For the full kinetic model shown in Fig. 3, the average rate of translation (i.e., the average velocity V of a ribosome) is given by

$$\begin{aligned} \dfrac{1}{V}= & {} \dfrac{1}{A+B+C+D} \nonumber \\&+ \dfrac{A}{A+B+C+D} \biggl (\frac{1}{V_{A}}\biggr ) + \dfrac{B}{A+B+C+D} \biggl (\frac{1}{V_{B}}\biggr )\nonumber \\&+\dfrac{C}{A+B+C+D} \biggl (\frac{1}{V_{C}}\biggr ) +\dfrac{D}{A+B+C+D} \biggl (\frac{1}{V_{D}}\biggr ) \end{aligned}$$
(20)

where

$$\begin{aligned} \frac{1}{V_{A}}= & {} \bigg [\dfrac{1}{\omega _{h1}}\bigg (1+\dfrac{\omega _{r2}}{\omega _p}\bigg )+\dfrac{1}{\omega _p} +\dfrac{1}{\omega _{bf}}\bigg (1+\dfrac{\omega _{br}}{\omega _{h2}}\bigg ) +\dfrac{1}{\omega _{h2}} \bigg ] \nonumber \\ \frac{1}{V_{B}}= & {} \bigg [\dfrac{1}{\omega _{h1}'}\bigg (1+\dfrac{\omega _{r2}'}{\omega _p'}\bigg )+\dfrac{1}{\omega _p'}+\dfrac{1}{\omega _{bf}}\bigg (1+\dfrac{\omega _{br}}{\omega _{h2}}\bigg )+\dfrac{1}{\omega _{h2}} \bigg ] \nonumber \\ \frac{1}{V_{C}}= & {} \bigg [\dfrac{1}{\omega _{h1}''}\bigg (1+\dfrac{\omega _{r2}''}{\Omega _p}\bigg )+\dfrac{1}{\Omega _p}+\dfrac{1}{\Omega _{bf}} \bigg (1+\dfrac{\Omega _{br}}{\Omega _{h2}}\bigg )+\dfrac{1}{\Omega _{h2}} \bigg ] \nonumber \\ \frac{1}{V_{D}}= & {} \bigg [\dfrac{1}{\omega _{h1}'''}\bigg (1+\dfrac{\omega _{r2}'''}{\Omega _p'}\bigg )+\dfrac{1}{\Omega _p'}+\dfrac{1}{\Omega _{bf}} \bigg (1+\dfrac{\Omega _{br}}{\Omega _{h2}}\bigg )+\dfrac{1}{\Omega _{h2}} \bigg ] \end{aligned}$$
(21)

Equation (20) is a generalized version of the MM equation (19) for our model. An intuitive derivation of the expression (20), that provides a deeper physical interpretation of this formula, is given in Appendix B.
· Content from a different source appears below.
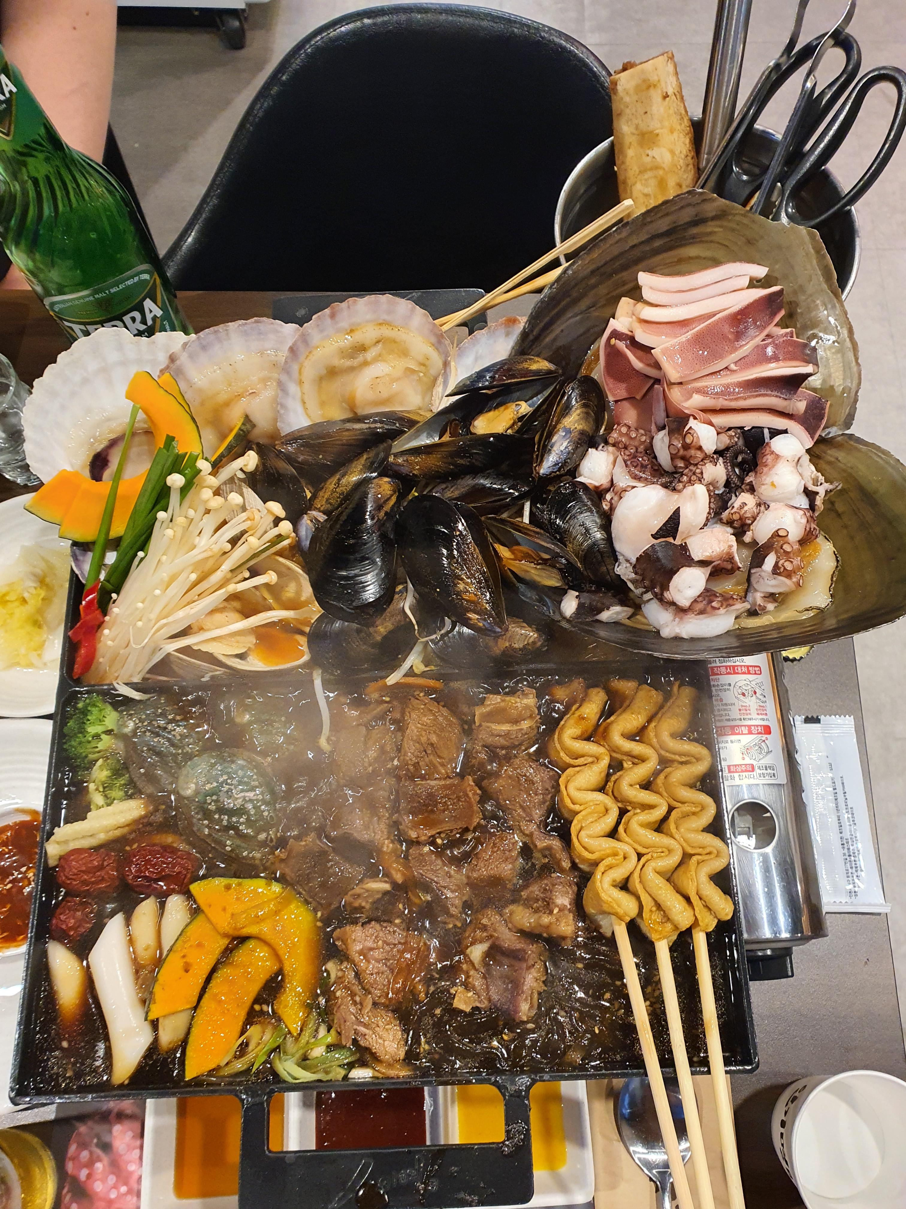 절반으로 나뉘어진 철판에 한 쪽에는 전복과 호박 그리고 대추와 떡 그리고 소갈비와 어묵이 꼬치로 구성되어 있는 전형적인 소갈비찜을 보여주고 다른 한쪽에는 매콤한 육수에 키조개, 오징어, 문어, 가리비, 동죽, 낙지호롱 등 다양한 해산물을 한 번에 먹을 수 있는 구성으로 되어 있다.

The connection between the two can be elucidated by considering a special case of our model. In the limit \([\hbox {tRNA}]_{c2} = [\hbox {tRNA}]_{n} = [\hbox {tRNA}]_{N} = \omega _{r2} = \omega _{br} = 0\) and \(\omega _{p} \rightarrow \infty \), \(\omega _{bf} \rightarrow \infty \), \(\omega _{h2} \rightarrow \infty \), the model reduces to

$$\begin{aligned} {\mathrm{Ribosome}}+\hbox {tRNA}_{c1} {\mathop {\rightleftharpoons }^{\omega ^{0}_{a,c1}}_{\omega _{r1}}} 2 \mathop {\rightarrow }^{\omega _{h1}} 5. \end{aligned}$$
(22)

which is, formally, identical to the MM reaction (18). In this limit, the expression (20) reduces to

$$\begin{aligned} \frac{1}{V} = \frac{1}{\omega _{h1}} + \biggl (\frac{\left( \omega _{h1}+\omega _{r1}\right) / \omega ^{0}_{a,c1}}{\omega _{h1}}\biggr )\frac{1}{\left[ \hbox {tRNA}\right] _{c1}} \end{aligned}$$
(23)

which is identical to MM equation (19) because of the correspondence \(\omega _{h1} \longleftrightarrow k_{2} = V_\mathrm{max}\) and \((\omega _{h1}+\omega _{r1})/\omega ^{0}_{a,c1} \longleftrightarrow (k_{-1}+k_{2})/k_{1} = K_{M}\). Thus, on the right-hand side of the equation (20), the sum of the last four terms is the generalized counterpart of \(1/V_\mathrm{max}\), while the first term is the generalized analog of \(K_{M}/V_\mathrm{max}[S]\).

Fig. 4
figure 4

(Color figure online) 1 / V is plotted against \(1/[\hbox {tRNA}]_{c1}\) for our model; this plot is the analog of Lineweaver–Burk plot for the Michaelis–Menten reaction. For all the four plots (ad), except for \(\omega _{a}\), \(\omega '_{a}\), \(\omega ''_{a}\), \(\omega '''_{a}\), the numerical values assigned to the rate constants for all the four tRNA species are those listed in the first column of Table 1 while \(\omega _{a}\) is varied from \(0\,\hbox {to}\,50\,\hbox {s}^{-1}\). The other parameters are as follows: a \(\omega '_{a}=0\), \(\omega ''_{a}=0\) and \( \omega '''_{a}=0\); b \(\omega '_{a}=25\; \hbox {s}^{-1}\), \(\omega ''_{a}=0\) and \(\omega '''_{a}=0\); c \(\omega '_{a}=25\; \hbox {s}^{-1}\), \(\omega ''_{a}=25\; \hbox {s}^{-1}\) and \( \omega '''_{a}=0\); and d \(\omega '_{a}=25\; \hbox {s}^{-1}\), \(\omega ''_{a}=25\; \hbox {s}^{-1}\) and \(\omega '''_{a}=25\; \hbox {s}^{-1}\)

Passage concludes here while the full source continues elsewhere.